In [1]:
import wfdb
import pandas as pd
import numpy as np
from pathos.multiprocessing import ProcessingPool as Pool
from sktime.classification.kernel_based import RocketClassifier
from sklearn.metrics import accuracy_score, roc_auc_score, f1_score

In [2]:
# root = '/Volumes/SanDisk SSD/physionet.org/files/mimic-iv-ecg/1.0/'

# split_csv = pd.read_csv(root + 'MIMIC-IV-ECG-Ext-Electrolytes/few_shot_splits/128shots/split1/Magnesium50960.csv')

# labels = pd.read_csv(root + 'MIMIC-IV-ECG-Ext-Electrolytes/mimiciv_ECGv1.1_hospV2.2_Magnesium50960.csv')

# train = []
# test = []
# val = []

# for index, row in split_csv.iterrows():
#     path = root + 'files/p' + f"{row['subject_id']}"[:4] + '/p' + f"{row['subject_id']}" + '/s' + f"{row['study_id']}"
    
#     signal, fields = wfdb.rdsamp(path + '/' + f"{row['study_id']}")

#     if row['split'] == 'train':
#         train.append(signal)
#     elif row['split'] == 'test':
#         test.append(signal)
#     elif row['split'] == 'val':
#         val.append(signal)

# len(train), len(val), len(test)


# faster version
def process_row(row):
    signal, fields = wfdb.rdsamp(row['path'] + '/' + str(row['study_id']))
    return row['split'], signal

root = '/Volumes/SanDisk SSD/physionet.org/files/mimic-iv-ecg/1.0/'

# Load the CSV files
split_csv = pd.read_csv(root + 'MIMIC-IV-ECG-Ext-Electrolytes/few_shot_splits/128shots/split1/Magnesium50960.csv')
labels = pd.read_csv(root + 'MIMIC-IV-ECG-Ext-Electrolytes/mimiciv_ECGv1.1_hospV2.2_Magnesium50960.csv')

# Precompute the paths
split_csv['path'] = root + 'files/p' + split_csv['subject_id'].astype(str).str[:4] + '/p' + split_csv['subject_id'].astype(str) + '/s' + split_csv['study_id'].astype(str)

# Initialize lists to store the signals
train = []
test = []
val = []

# Use pathos.multiprocessing to process rows in parallel
with Pool() as pool:
    results = pool.map(process_row, split_csv.to_dict('records'))

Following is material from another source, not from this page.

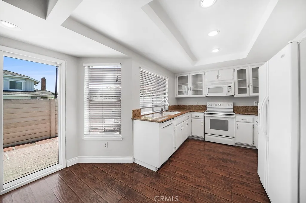 PRIVATE backyard with SOARING CEILINGS in the heart of Woodbridge featuring three spacious bedrooms, 2.5 baths and a two-car, direct access garage! Interior upgrades include: elegant laminate floors, custom paint, cozy fireplace, mirrored closet doors, upgraded baseboards and MORE! Spacious kitchen with granite counters and upgraded cabinetry! Additional room on main level can be configured as a dining room, family room or a home office. Primary suite includes plenty of closet space, Quartz vanity with dual sinks and newer fixtures! Enjoy award winning Irvine schools and Woodbridge amenities. Walking distance to Blue Lake Pool and Park.

# Organize the results into train, test, and val lists
for split, signal in results:
    if split == 'train':
        train.append(signal)
    elif split == 'test':
        test.append(signal)
    elif split == 'val':
        val.append(signal)

len(train), len(val), len(test)

(128, 128, 10000)

In [3]:
reshaped_train = np.empty((len(train), 12), dtype=object)

for i in range(len(train)):
    for j in range(12):
        reshaped_train[i, j] = pd.Series(train[i][:][j]) # reshaping from (# of subjects, 5000, 12) to (# of subjects, 12) where each entry is a pd.series of length 5000

X_train = pd.DataFrame(reshaped_train)

null_counts = X_train.map(lambda x: x.isna().sum() if isinstance(x, pd.Series) else 0).sum().sum()

X_train = X_train.map(lambda x: x.fillna(0) if isinstance(x, pd.Series) else x) # there were NaNs in the data, which is odd, so I'm filling them with 0
print(f"Number of null values in X_train: {null_counts}")
X_train.shape

Number of null values in X_train: 12


(128, 12)

In [4]:
filtered_labels = labels[labels['study_id'].isin(split_csv[split_csv['split'] == 'train']['study_id'])]
y_train = filtered_labels['flag']
y_train = y_train.replace({'abnormal': 1, np.nan: 0}) # abnormal = 1, normal = 0
y_train.shape

  y_train = y_train.replace({'abnormal': 1, np.nan: 0}) # abnormal = 1, normal = 0


(128,)

In [5]:
reshaped_val = np.empty((len(val), 12), dtype=object)
for i in range(len(val)):
    for j in range(12):
        reshaped_val[i, j] = pd.Series(val[i][:][j])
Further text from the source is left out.